SUPPLIED ENTRIES:
----

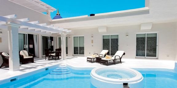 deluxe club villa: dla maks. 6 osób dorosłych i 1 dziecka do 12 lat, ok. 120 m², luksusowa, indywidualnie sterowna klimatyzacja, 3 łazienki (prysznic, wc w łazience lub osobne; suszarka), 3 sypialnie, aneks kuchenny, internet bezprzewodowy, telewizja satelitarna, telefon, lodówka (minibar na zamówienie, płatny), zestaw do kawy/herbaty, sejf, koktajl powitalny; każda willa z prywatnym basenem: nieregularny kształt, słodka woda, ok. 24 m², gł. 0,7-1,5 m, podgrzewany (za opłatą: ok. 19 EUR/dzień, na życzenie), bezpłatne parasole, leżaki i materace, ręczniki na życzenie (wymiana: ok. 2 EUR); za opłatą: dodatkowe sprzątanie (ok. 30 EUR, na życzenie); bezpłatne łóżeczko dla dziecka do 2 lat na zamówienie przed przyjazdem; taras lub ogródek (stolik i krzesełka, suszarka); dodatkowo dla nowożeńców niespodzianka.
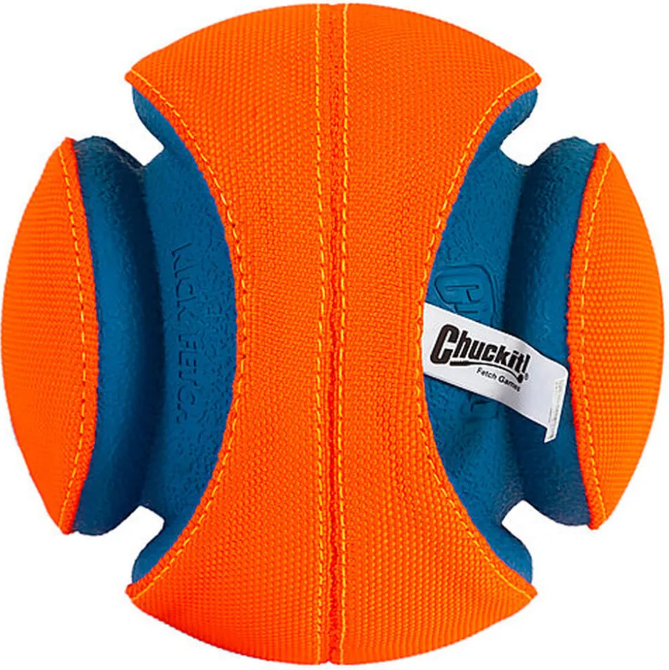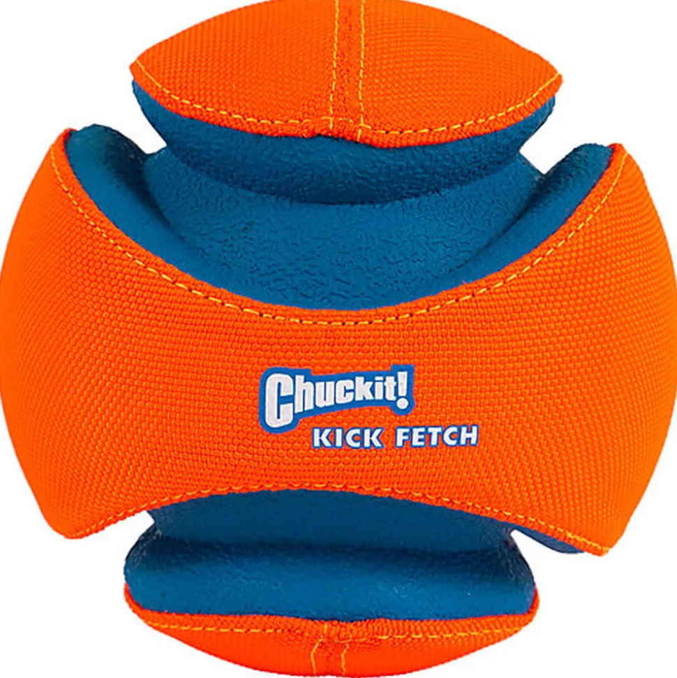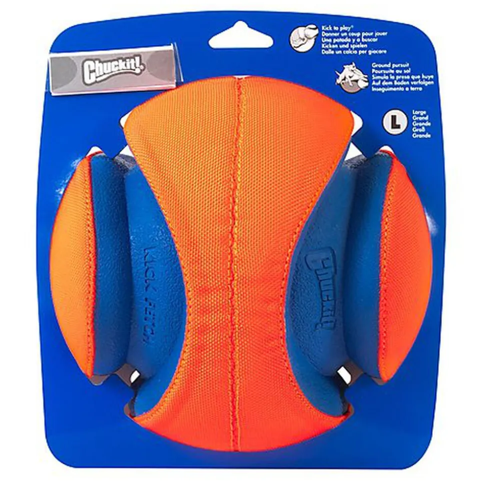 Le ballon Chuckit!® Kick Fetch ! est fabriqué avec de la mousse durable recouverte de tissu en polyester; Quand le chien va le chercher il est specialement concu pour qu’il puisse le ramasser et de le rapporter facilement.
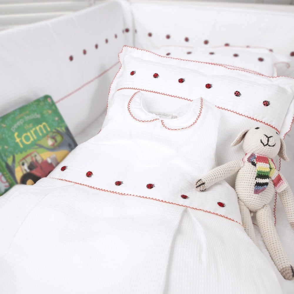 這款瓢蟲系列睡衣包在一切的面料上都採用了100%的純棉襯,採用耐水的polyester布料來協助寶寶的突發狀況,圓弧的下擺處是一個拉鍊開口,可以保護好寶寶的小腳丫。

----

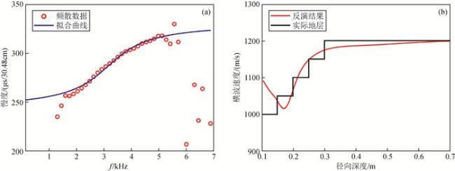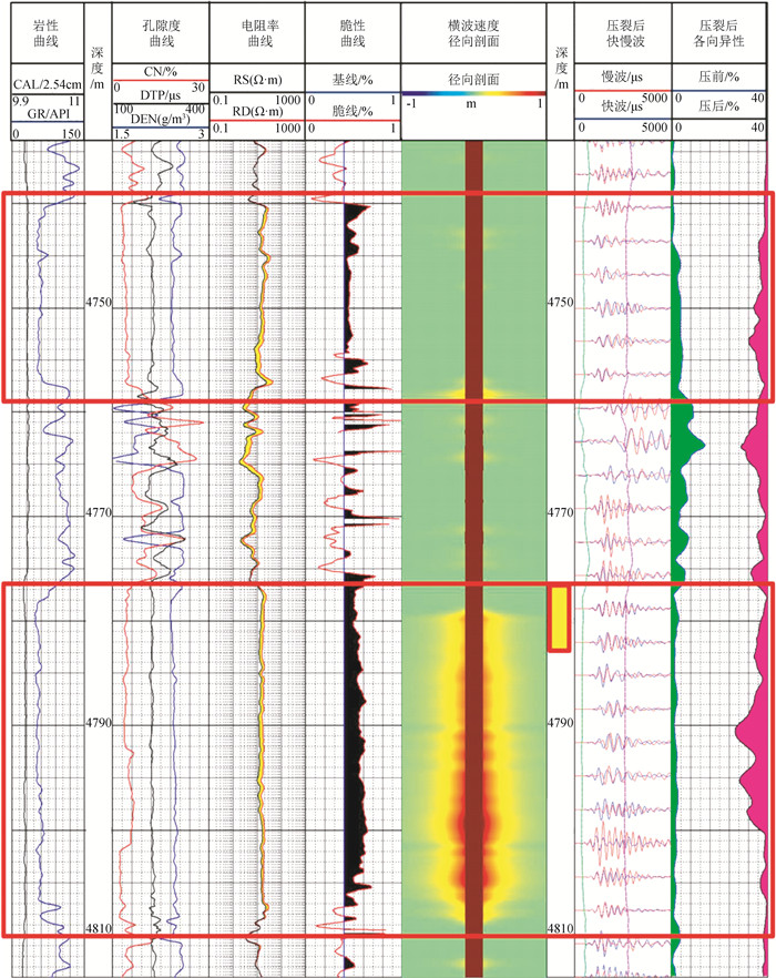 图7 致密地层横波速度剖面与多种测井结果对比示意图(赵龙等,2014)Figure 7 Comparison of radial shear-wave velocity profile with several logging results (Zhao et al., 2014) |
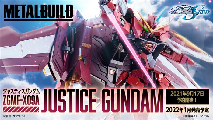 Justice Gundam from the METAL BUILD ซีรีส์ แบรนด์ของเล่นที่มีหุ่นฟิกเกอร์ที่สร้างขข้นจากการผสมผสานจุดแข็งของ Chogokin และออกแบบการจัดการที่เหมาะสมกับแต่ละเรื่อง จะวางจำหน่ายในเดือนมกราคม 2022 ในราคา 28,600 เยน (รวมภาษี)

----

Taking the entries above, copy word for word the lines from the one with "图7 致密地层横波速度剖面与多种测井结果对比示意图(赵龙等,2014)Figure 7" up to and including the one with "Justice Gundam from", without any picture.

 图7 致密地层横波速度剖面与多种测井结果对比示意图(赵龙等,2014)Figure 7 Comparison of radial shear-wave velocity profile with several logging results (Zhao et al., 2014) |
 Justice Gundam from the METAL BUILD ซีรีส์ แบรนด์ของเล่นที่มีหุ่นฟิกเกอร์ที่สร้างขข้นจากการผสมผสานจุดแข็งของ Chogokin และออกแบบการจัดการที่เหมาะสมกับแต่ละเรื่อง จะวางจำหน่ายในเดือนมกราคม 2022 ในราคา 28,600 เยน (รวมภาษี)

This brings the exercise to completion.